Во всем мире около 50% в структуре общей смертности составляет смертность от сердечно-сосудистых заболеваний (ССЗ), таким образом, занимающих первое место среди всех причин смерти.
Связь атеросклероза с ухудшением демографической ситуации в большинстве развитых стран мира была осознана еще в середине прошлого века. Именно с 60–х годов повсеместно были инициированы программы по борьбе с атеросклерозом, и результат не замедлил сказаться. Уже с начала 70–х годов XX века в большинстве экономически развитых стран Европы, США уровень общей смертности и смертности от ССЗ стал неуклонно снижаться. Этот процесс продолжается и в настоящее время. На начало нового столетия средняя продолжительность жизни в большинстве стран Евросоюза составляет около 80 лет. Увы, в России, Украине и многих других странах СНГ ситуация прямо противоположная. Смертность от ССЗ остается на высоком уровне, тогда как средняя продолжительность жизни мужчин не достигает 60 лет, т.е. пенсионного возраста.
Согласно данным Территориального органа Федеральной службы государственной статистики по Нижегородской области, смертность отССЗ за 2009 года составила 37 472 человека, занимая первое место среди всех причин смерти. Все это подтверждает исключительную важность мероприятий по профилактике, раннему выявлению и адекватному лечению ССЗ.

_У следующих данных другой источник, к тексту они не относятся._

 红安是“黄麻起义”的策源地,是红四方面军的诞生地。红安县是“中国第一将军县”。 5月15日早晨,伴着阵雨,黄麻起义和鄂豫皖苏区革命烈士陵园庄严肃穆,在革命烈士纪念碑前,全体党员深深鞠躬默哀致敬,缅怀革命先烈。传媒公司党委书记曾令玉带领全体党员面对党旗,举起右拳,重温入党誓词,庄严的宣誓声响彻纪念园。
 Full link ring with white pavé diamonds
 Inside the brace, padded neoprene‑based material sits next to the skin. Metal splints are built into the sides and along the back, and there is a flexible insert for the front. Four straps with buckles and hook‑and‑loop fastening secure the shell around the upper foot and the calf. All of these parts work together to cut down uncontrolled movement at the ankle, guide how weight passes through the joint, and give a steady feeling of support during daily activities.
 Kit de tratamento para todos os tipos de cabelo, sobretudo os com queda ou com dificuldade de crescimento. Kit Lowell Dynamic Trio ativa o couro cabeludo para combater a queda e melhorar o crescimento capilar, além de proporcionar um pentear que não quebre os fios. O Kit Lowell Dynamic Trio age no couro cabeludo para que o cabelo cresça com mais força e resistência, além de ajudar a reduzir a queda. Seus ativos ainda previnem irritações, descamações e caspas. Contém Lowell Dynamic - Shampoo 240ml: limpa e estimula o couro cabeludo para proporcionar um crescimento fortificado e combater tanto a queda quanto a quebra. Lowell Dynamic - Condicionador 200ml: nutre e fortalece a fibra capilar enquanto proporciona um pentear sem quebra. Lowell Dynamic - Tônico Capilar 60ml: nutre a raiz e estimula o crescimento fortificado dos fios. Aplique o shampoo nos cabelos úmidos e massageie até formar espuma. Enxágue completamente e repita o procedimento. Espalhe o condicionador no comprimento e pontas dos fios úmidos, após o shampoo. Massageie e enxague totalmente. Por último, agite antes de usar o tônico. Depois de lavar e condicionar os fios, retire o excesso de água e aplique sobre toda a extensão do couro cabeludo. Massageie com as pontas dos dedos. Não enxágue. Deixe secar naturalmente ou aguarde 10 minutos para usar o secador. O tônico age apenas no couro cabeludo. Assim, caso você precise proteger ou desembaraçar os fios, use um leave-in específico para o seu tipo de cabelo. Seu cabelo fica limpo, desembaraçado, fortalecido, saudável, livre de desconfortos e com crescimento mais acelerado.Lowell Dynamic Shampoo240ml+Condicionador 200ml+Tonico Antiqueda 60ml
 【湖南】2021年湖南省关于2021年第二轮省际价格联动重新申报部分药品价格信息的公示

Цель нашей работы – оценка экономической целесообразности внедрения государственной программы проведения гиполипидемической терапии (ГЛТ) на территории Нижегородской области.
Для достижения поставленной цели нами были решены следующие задачи: проведена оценка эффективности статинов на основе мета-анализарандомизированных клинических испытаний (РКИ); проанализированы экономические и эпидемиологические данные, характеризующие изучаемую популяцию; определены затраты на ГЛТ (с учетом прямых и косвенных затрат); разработана математическая модель прогнозирования экономической выгоды от внедрения государственных программ; дана оценка целесообразности внедрения государственной программы по проведению ГЛТ на территории Нижегородской области.

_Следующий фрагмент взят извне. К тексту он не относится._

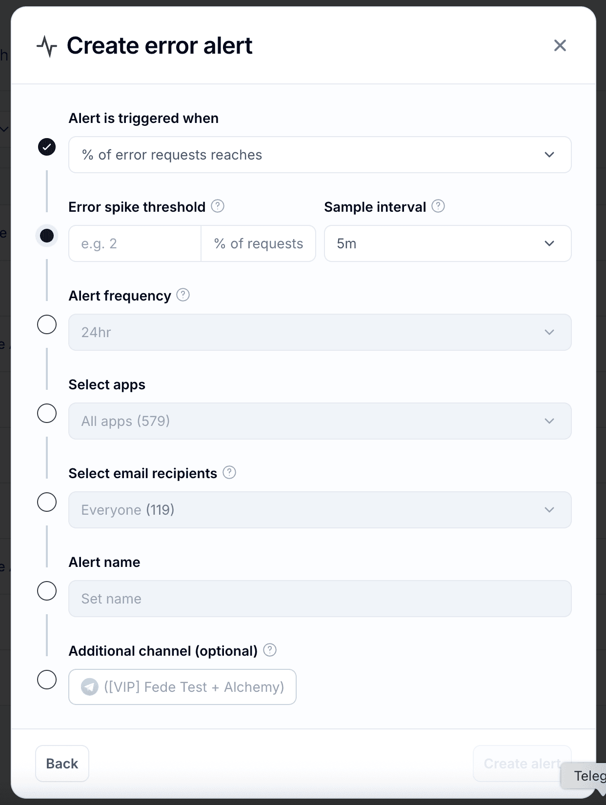 - Error rate alerts: Receive alerts when your error rates reach a specified threshold across all your apps in a certain time interval. For instance, get an alert if 5% of your requests in the past 10 minutes are errors.
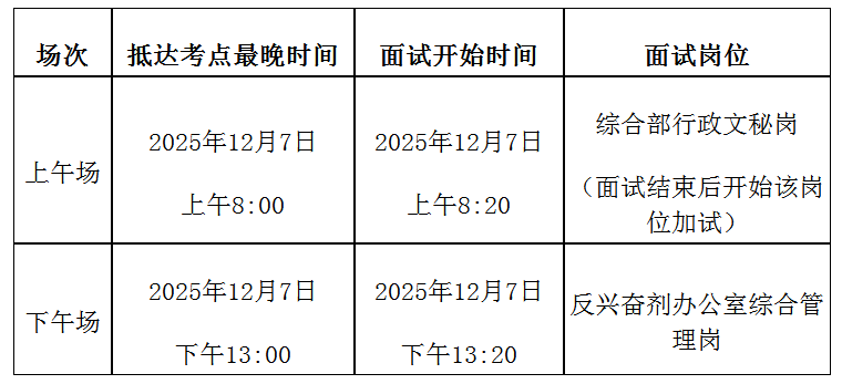 面试时间为2025年12月7日全天,分为上下午两场,参加上午面试的请于8:00前抵达候考地点;参加下午面试的请于13:00前抵达候考地点。未按时抵达的视为自动放弃面试资格。

В работе впервые описана методика математического моделирования для обоснования целесообразности проведения терапии с учетом научных данных и реальных условий. Для этого нами предложен алгоритм пересчета эффективности терапии в сохраненные годы жизни. При определении оптимальных препаратов нами использован инкрементальный метод анализа приращения выгоды, что ранее не использовалось в фармакоэкономическом анализе методом "затраты-выгода".
Нами проведен анализ терапевтической эффективности шести зарегистрированных на территории Российской Федерации оригинальных препаратов статинов с использованием жестких (снижение общей и сердечно-сосудистой смертности) и мягких (влияние на липидные показатели) критериев. Таким образом, была проанализирована информация о 26 РКИ по 6 зарегистрированным оригинальным препаратам группы ингибиторов ГМГ-КоА-редуктазы, включивших 174 247 участников в возрасте 52-67 лет и длительностью терапии составляла от 2,4 до 5,6 лет.
Анализ статистической информации об исследуемой популяции (по Нижегородской области) включал обработку следующих данных: экономических – уровень дохода населения (среднемесячная номинальная начисленная заработная плата в расчете на одного работника с учетом отпуска и возможной временной утраты трудоспособности), доход государства в виде НДФЛ, уровень безработицы; а также эпидемиологических – численность населения трудоспособного возраста, уровень смертности от ССЗ в год, уровень смертности от других причин в год, уровень заболеваемости и показатель встречаемости ключевого фактора риска среди населения.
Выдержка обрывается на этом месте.